The defeat of the so-called “personhood” amendment may have had less to do with traditional abortion politics, and more to do with its potential impact on the availability of birth control and fertility treatments. Dr. Douglas Laube, the board chair for Physicians for Reproductive Choice and Health, who opposed the measure, said that because the personhood amendment called for establishing rights at the time of fertilization, it would likely have meant that birth control options that prevent implantation would have been disallowed. That includes emergency contraception and intrauterine devices (IUDs), he said.

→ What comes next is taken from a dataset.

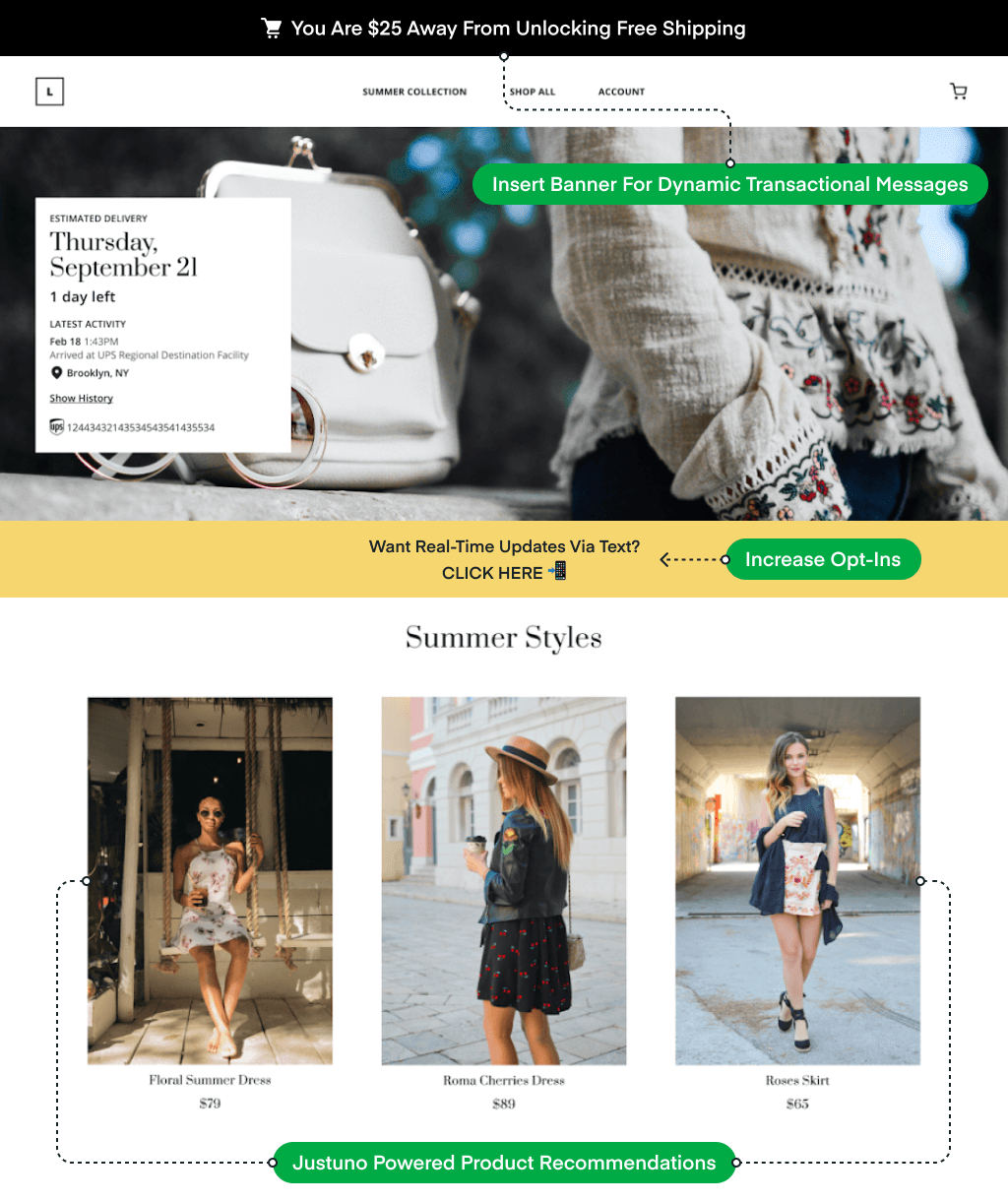 The ultimate scenario to come from the power couple of Justuno + Malomo is the cleanest and smoothest UX update for the post-purchase experience. When you create a branded tracking page and incorporate personalization tactics like seasonal styles, social channels, and product recommendations, you get the optimal chance to funnel customers into your top communication channels. The merchant approached their branded tracking page from a “mobile-first” perspective to create a minimalistic pop-up to gather more SMS opt-ins. They did this with a simple and trackable design that included the basics of a CTA to open the visitors’ texting app, known as tap-to-text, and a simple in-page view to make sure the opt-in looked native to the page.

Courtesy Wikimedia Commons/Gloecknerd/Creative Commons Liscense

 

An IUD like this one might have been outlawed under the personhood amendment

 

    

In-vitro fertilization also could have been impacted. Supporters of the personhood amendment said the the availability of IVF wouldn’t have been affected, but they acknowledged that the amendment would have barred the destruction of embryos by fertility clinics since it defined a person as “every human being from the moment of fertilization, cloning, or functional equivalent thereof.”

Jennifer Mason, a spokeswoman for Personhood USA, which is promoting similar constitutional amendments around the country, said the change could end up being better for everyone. Instead of destroying excess embryos, fertility clinics could freeze them for future implantations or the embryos could be adopted by infertile couples. But the American Society for Reproductive Medicine and the Society for Assisted Reproductive Technology didn’t agree. In advance of the vote, the groups wrote to the Mississippi Secretary of State citing the uncertainty that any particular embryo will develop to become a person and calling it “unreasonable and imbalanced to give constitutional rights to fertilized eggs or embryos.”

The personhood debate is far from over. Personhood USA boasts that it is active in all 50 states and that the group plans to keep pursuing state constitutional amendments to outlaw abortion.